## PROVIDED DATA
>>>>>

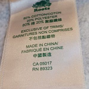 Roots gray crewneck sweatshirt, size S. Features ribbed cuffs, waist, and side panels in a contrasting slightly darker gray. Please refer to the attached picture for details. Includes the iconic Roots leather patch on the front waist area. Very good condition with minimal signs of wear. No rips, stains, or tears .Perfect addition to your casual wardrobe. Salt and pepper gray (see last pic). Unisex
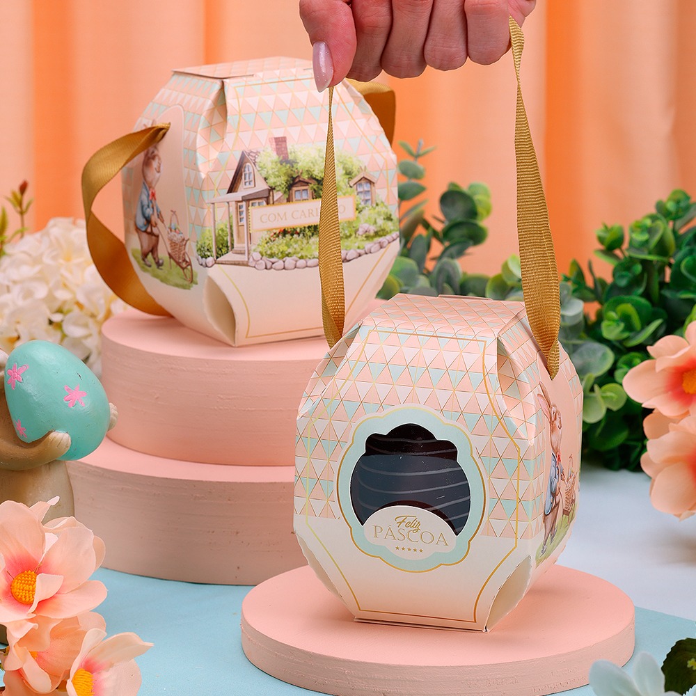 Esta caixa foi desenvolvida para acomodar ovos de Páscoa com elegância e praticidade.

<<<<<
>>>>>

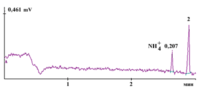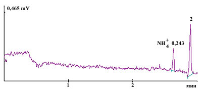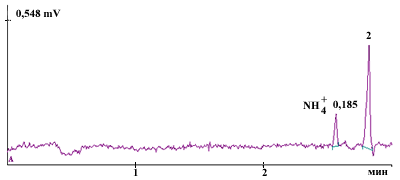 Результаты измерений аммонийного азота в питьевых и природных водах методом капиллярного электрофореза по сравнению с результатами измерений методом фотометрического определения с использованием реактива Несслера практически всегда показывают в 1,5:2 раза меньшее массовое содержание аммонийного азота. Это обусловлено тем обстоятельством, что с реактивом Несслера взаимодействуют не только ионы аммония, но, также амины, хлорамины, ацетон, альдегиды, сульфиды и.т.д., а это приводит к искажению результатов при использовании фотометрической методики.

<<<<<

## TASK DIRECTIONS
Look above for the line with "Roots gray crewneck", then print it and each line after it down to and including the line with "Esta caixa foi". Leave out the pictures and keep the wording exact.

## EXPECTED ANSWER
 Roots gray crewneck sweatshirt, size S. Features ribbed cuffs, waist, and side panels in a contrasting slightly darker gray. Please refer to the attached picture for details. Includes the iconic Roots leather patch on the front waist area. Very good condition with minimal signs of wear. No rips, stains, or tears .Perfect addition to your casual wardrobe. Salt and pepper gray (see last pic). Unisex
 Esta caixa foi desenvolvida para acomodar ovos de Páscoa com elegância e praticidade.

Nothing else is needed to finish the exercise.